The Gelmerbahn or Gelmer Funicular is a cable railway in the canton of Bern, Switzerland. It links a lower terminus at Handegg, in the Haslital (the valley of the upper Aar River), with an upper terminus at the Gelmersee lake, 448 m above. The Handegg terminus of the line is close to the road over the Grimsel Pass. It is accessible by car and by an infrequent PostBus service.

It is technically not a funicular, which has two cars that counterbalance each other, but is instead a cable railway propelled by a winch.
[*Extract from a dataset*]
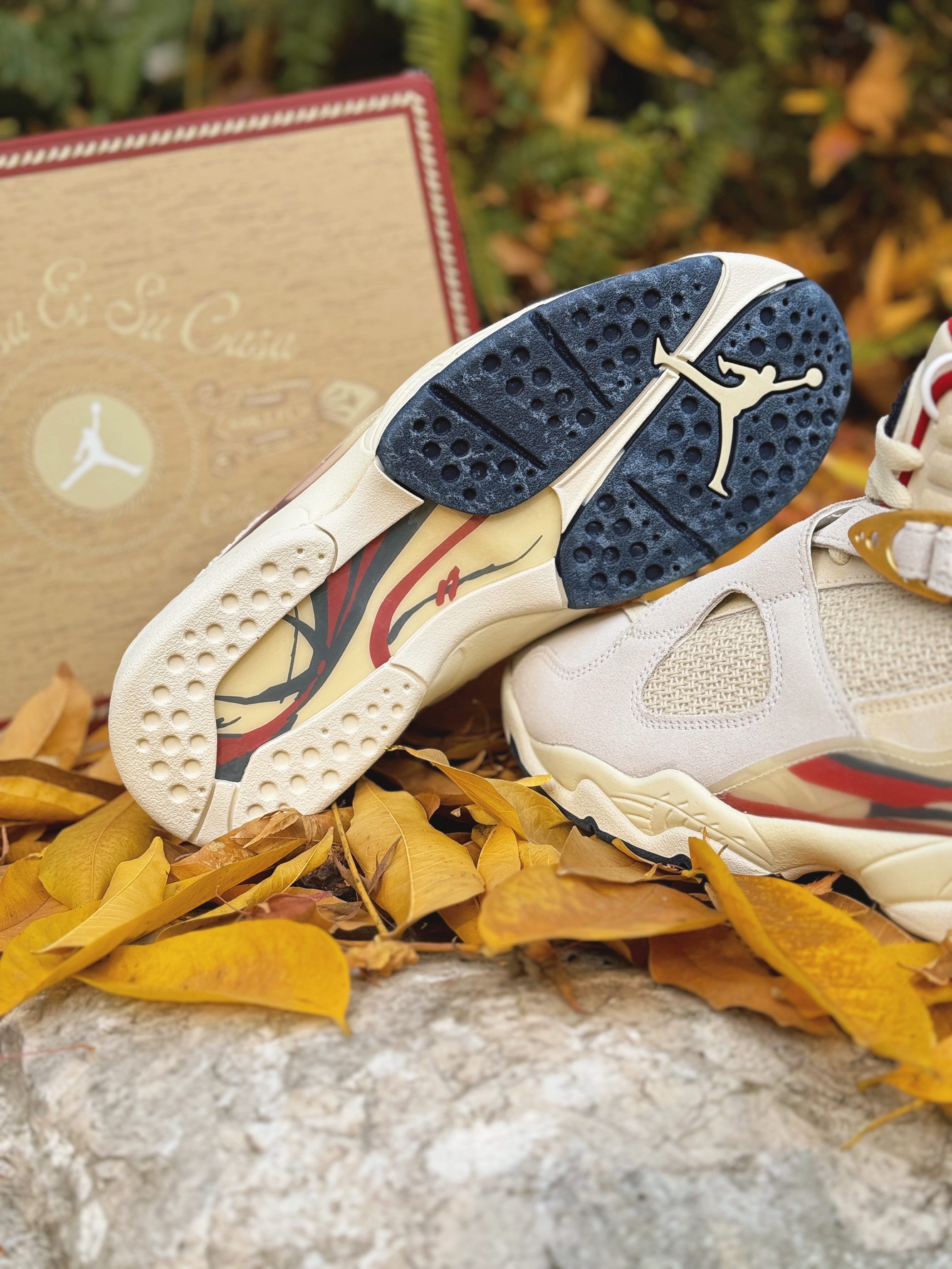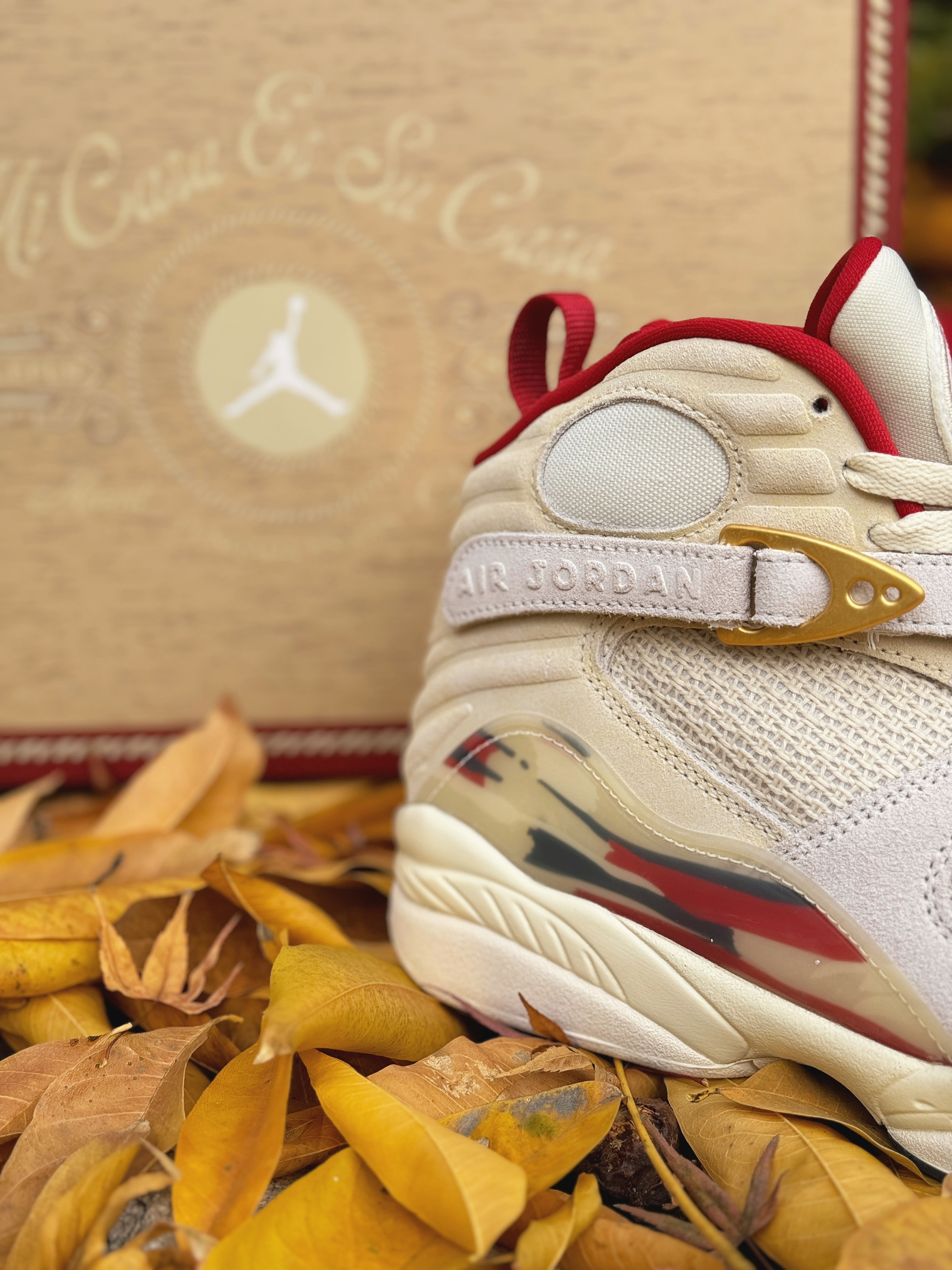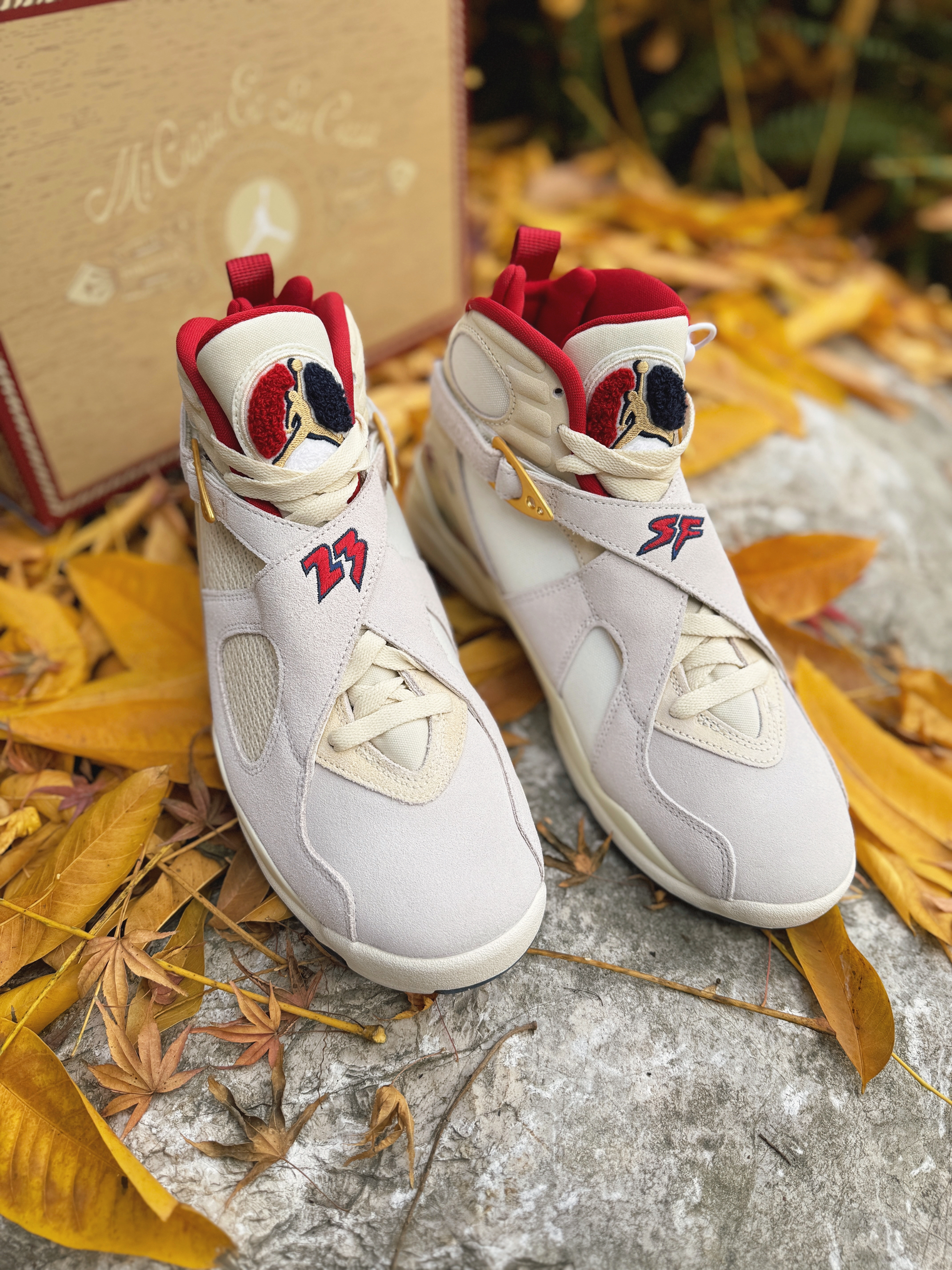 号称“天价联名制造机”的SoleFly与Jordan Brand又整新活儿啦!这次带回的AJ8 相对冷门但依旧不失奢华感! 浅色系搭配让我想起了之前的AJ10“十周年” 这次以“雪茄”为灵感设计 整体米白色为主 金色与红色点缀细节 简约高级!采用麂皮、网面材质打造的鞋身 质感也是很不错的 很适合现在冬季穿着!AJ8标识性的绑带上分别是数字“23”和字母“SF” 彰显联名身份!鞋盒包装采用了木质配...

With an incline of 106% (or 47°), Gelmerbahn was commonly identified as the steepest funicular in Europe, until the opening of the Stoosbahn (a true funicular which reaches 110%) in 2017. It remains the steepest open-car railway in Europe.

== History ==
The cable railway was originally built to facilitate the construction of the Gelmersee – a reservoir constructed in 1926 to exploit the hydroelectric resources of the area – and was not opened for public use until 2001. The line is owned and operated by Kraftwerke Oberhasli AG (KWO), which owns the power station.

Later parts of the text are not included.